- **Supplied material**:
# # # #

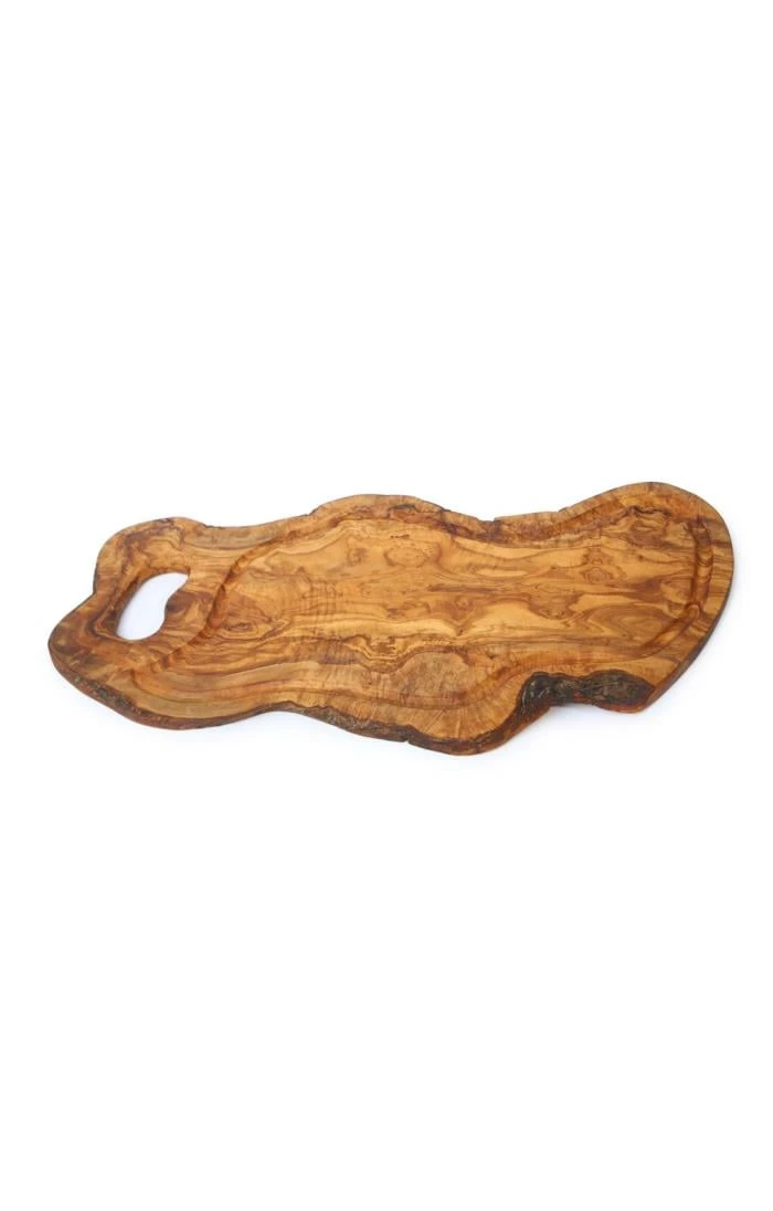 Add rustic charm to your kitchen with this unique, handmade wooden cutting board, carved from beautiful olive wood with a beautiful natural finish. Crafted from a single piece of wood ensuring no two cutting boards are the same, this beautiful eco-friendly board has its own handle and a groove designed to catch juices and keep your countertop clean.
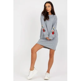Mikinové šaty s dlouhými rukávy a kulatým výstřihem. Rukávy zdobí zajímavá výšivka, na bocích jsou kapsy.
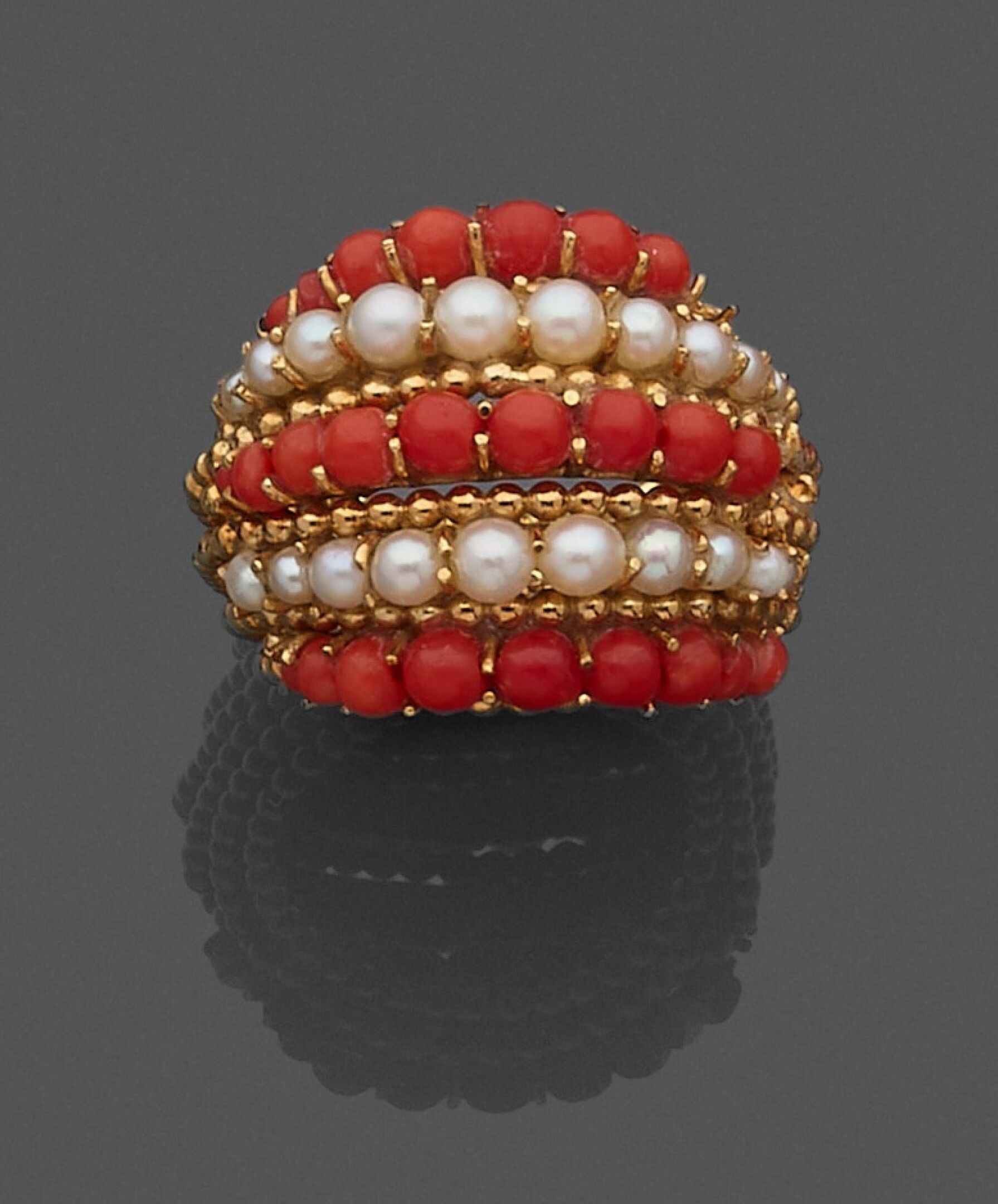 Ring in engraved 750 thousandths yellow gold decorated with gold balls, the centre adorned with lines of cultured pearls and coral balls (Corallium rubrum*), pierced.

# # # #

Please give the data again unaltered, leaving out any images.

 Add rustic charm to your kitchen with this unique, handmade wooden cutting board, carved from beautiful olive wood with a beautiful natural finish. Crafted from a single piece of wood ensuring no two cutting boards are the same, this beautiful eco-friendly board has its own handle and a groove designed to catch juices and keep your countertop clean.
Mikinové šaty s dlouhými rukávy a kulatým výstřihem. Rukávy zdobí zajímavá výšivka, na bocích jsou kapsy.
 Ring in engraved 750 thousandths yellow gold decorated with gold balls, the centre adorned with lines of cultured pearls and coral balls (Corallium rubrum*), pierced.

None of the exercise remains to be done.